Tanzinia Tanzania

The University of Virginia's collaboration with Kilimanjaro Christian Medical Centre in Moshi, Tanzania, has been growing since 2002, when Dr. Eric Houpt lived there and began research on the burden of parasitic infection on AIDS patients.

Many patients were suffering from Cryptosporidium diarrhea, but surprisingly others were only carriers. This illustrated a fundamental question in infectious diseases, which is why some infections lead to disease while others do not.
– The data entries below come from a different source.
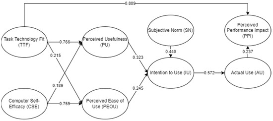 The associations between the constructs of the final model were evaluated based on the measure of statistical significance (p-value < 0.05) and their standardized loadings. Table 9 presents the direct, indirect, and total effects of latent variables. For the direct effects, Subjective Norm had a higher positive effect on Intention to Use (β = 0.604, p = 0.002) than Perceived Ease of Use (β = 0.268, p = 0.050). Task Technology Fit has a higher positive effect on Perceived Usefulness (β = 0.826, p = 0.002) than its effect on Perceived Performance Impact (β = 0.810, p = 0.003). Actual Use has a positive direct effect on Perceived Performance Impact at 0.194 with a significance of 0.016. The direct path of Computer Self-efficacy to Perceived Ease of Use has the highest loading in the model (β = 0.849, p = 0.002). This indicates that Hypothesis 2, PEOU on IU is accepted; similarly, Hypotheses 3, 4, 7, 8, 9, and 10 were also accepted; while hypothesis 1 was not. Summarized in Table 9 are the accepted hypotheses, beta coefficients, and p-values.
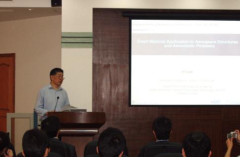2007年5月25日上午,在流体力学楼学术报告厅,韩国航空宇宙学会会长、韩国高等科学与技术学院(Korea Advanced Institute of Science and Technology)李仁教授(Professor In Lee),为我院师生,作了题为“Smart Materials for the Shape Configuration and Vibration Control of Aerospace Structures(航天结构外形和振动控制中的智能材料)”的精彩的学术报告,结构强度研究所王鑫伟教授主持了报告会,近50余名师生参加了报告会。
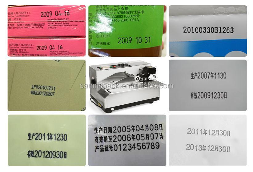MY-380 Automatic dry solid-ink coding machine suits for printing labels on the surface of paper, non-ferrous plastic film and aluminum foil. It applies advanced dry-ink roller for printing and can make the words be printed clearly and uneasy to decay and change. The letters/numbers sizes of this coding machine are available with 2mm, 2.5mm, and 3mm. You can choose the size you want.
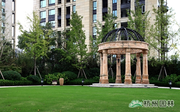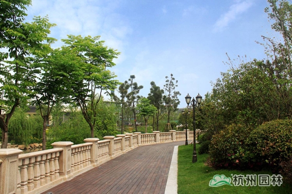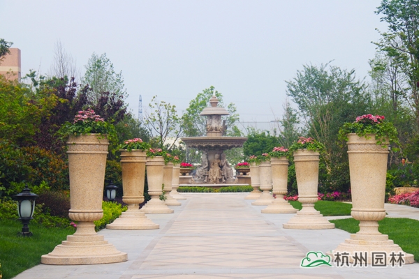 該工程位于杭州城北石祥路與蔡馬河交匯處,為大型綜合性園林景觀工程,內(nèi)容包括園林建筑、苗木種植、硬質(zhì)鋪裝、疊石跌水、景觀小品、土坡造型等。該項目景觀全方位采用規(guī)則式與自然式融合的維多利亞園林風(fēng)格,如夢似幻,華貴雍容,將維多利亞皇家園林景觀特征表現(xiàn)得淋漓盡致。
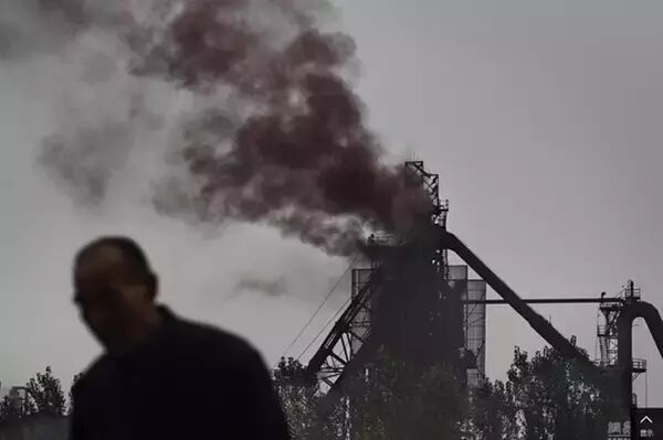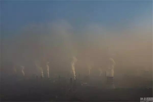 唐山迁安市九江线材炼钢厂区每天排放大量的二氧化硫、二氧化碳、重金属离子、二噁英等污染物。从远处望向厂区,天空中出现泾渭分明的“霾际线”。
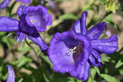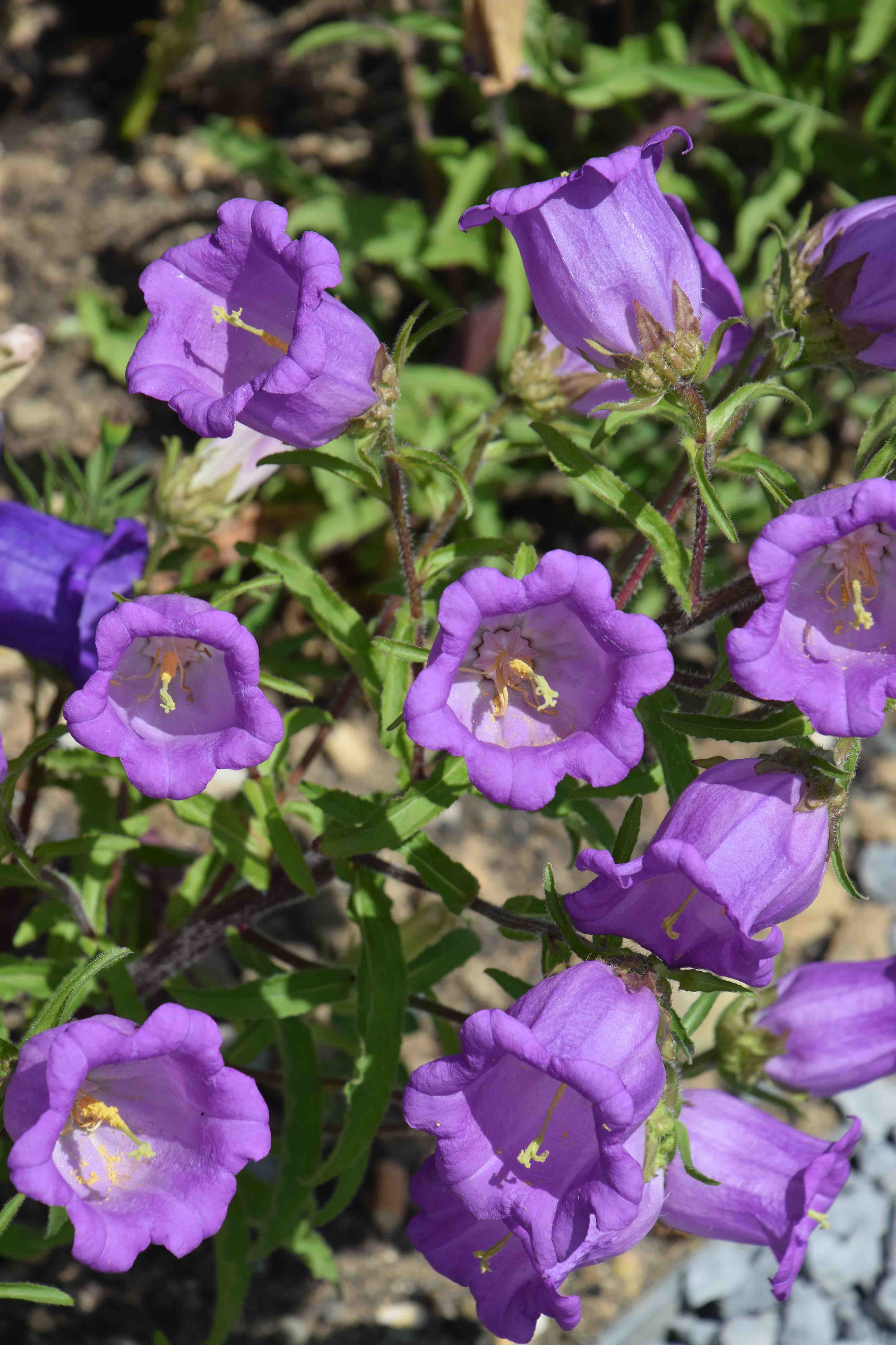 Campanula medium is a European species that is a biennial. In the first year it makes a rather undistinguished rosette of narrow leaves. In the second spring it sends up a main spike and many secondary stems, set with huge flowers. Though purple/blue is the common colour they can also be pink or white. It is a typical cottage-garden flower and very old fashioned.
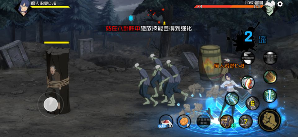 八卦的普通攻击会在脚下产生一定范围的阵法图案,站在蓝色八卦图内释放的技能会得到强化,所以这算是我们技能组合中必备的一个,在合适的位置先手普攻释放法阵,而且作为远程的八卦普攻不需要贴脸,不过最好是聚怪之后确定输出环境后释放,接下来就可以在法阵中输出了。
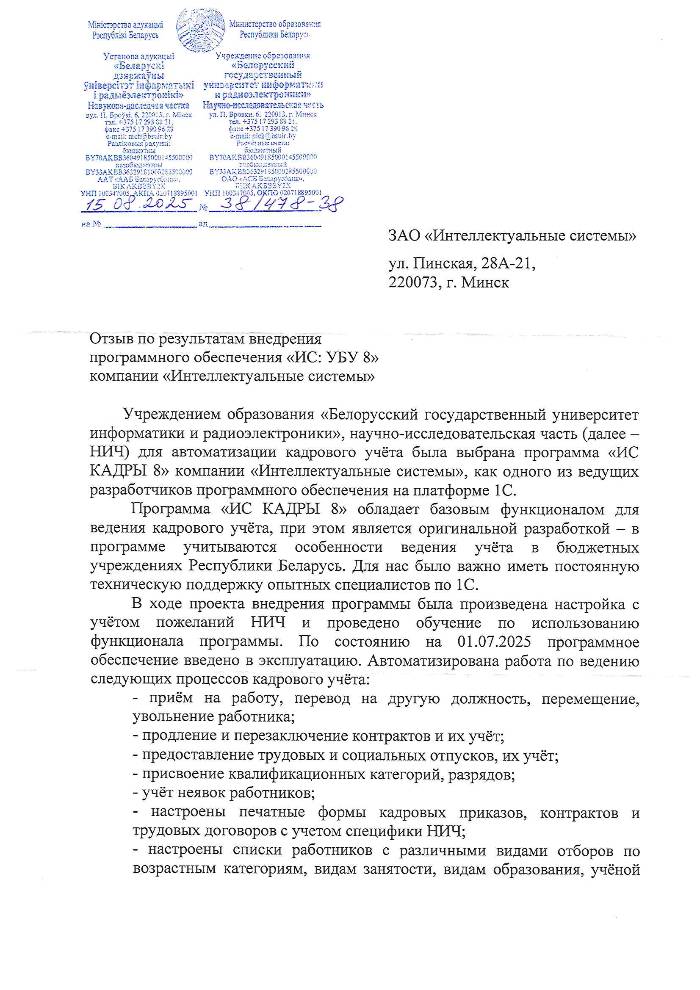 Учреждением образования "Белорусский государственный университет информатики и радиоэлектроники" (Научно-исследовательская часть), для автоматизации кадрового учёта была выбрана программа «ИС КАДРЫ 8» компании «Интеллектуальные системы» как одного из ведущих разработчиков программного обеспечения на платформе 1С. Программа «ИС КАДРЫ 8» обладает базовым функционалом для ведения кадрового учёта, при этом является оригинальной разработкой – в программе учитываются особенности ведения учёта в бюджетных учреждениях Республики Беларусь. Для нас было важно также иметь постоянную техническую поддержку опытных специалистов по 1С. В ходе проекта внедрения программы была произведена настройка с учётом наших пожеланий и проведено обучение по использованию функционала программы. По состоянию на 01.07.2025 программное обеспечение введено в эксплуатацию. Автоматизирована работа по ведению следующих процессов кадрового учёта: - приём на работу, перевод на другую должность, перемещение, увольнение работника; - продление и перезаключение контрактов и их учёт; - предоставление трудовых и социальных отпусков, их учёт; - присвоение квалификационных категорий, разрядов; - ведение штатного расписания; - учёт неявок работников; - настроены печатные формы кадровых приказов, контрактов и трудовых договоров с учетом специфики нашей организации; - настроены списки работников с различными видами отборов по возрастным категориям, видам занятости, видам образования, учёной степени, учёного звания и другой информации, которая содержится в программе; Хотим отметить, что ЗАО «Интеллектуальные системы» своевременно обновляет и дорабатывает программное обеспечение по мере изменения законодательства Республики Беларусь. Выражаем благодарность сотруднику ЗАО «Интеллектуальные системы» Серебряковой Наталье Николаевне, специалисту по сопровождению ПО за обучение работе в программе по модулю «Кадры», квалифицированную и своевременную помощь в решении вопросов, связанных с работой в программе.

We were able to attribute part of the variation in clinical symptoms to parasite sub-species, and have found the same paradigm to be true for Giardia infection in Bangladesh. Detecting intestinal infections to the sub-species level is not trivial and we have had to develop new molecular diagnostic tests to perform this work. These tools are developed in the lab at UVa and then transported to Tanzania for evaluation. Fortuitous side effects of this work are that technical capacity is improved there and enrolled patients receive a much better diagnosis than they would otherwise, which translates to better treatment.

Projects have proliferated in Moshi and as of 2006-2007, 10 UVa students or residents have performed clinical or research rotations there. Presently we are examining whether screening for subspecies infection in advanced Tanzanian AIDS patients can lead to a preemptive strategies that minimizes diarrhea, which would otherwise become a death sentence there. We have recently completed a characterization of the burden of cryptococcal meningitis (which is huge) and are now scaling up a tuberculosis early-diagnosis project via Tb DNA capture and real-time PCR of sputum.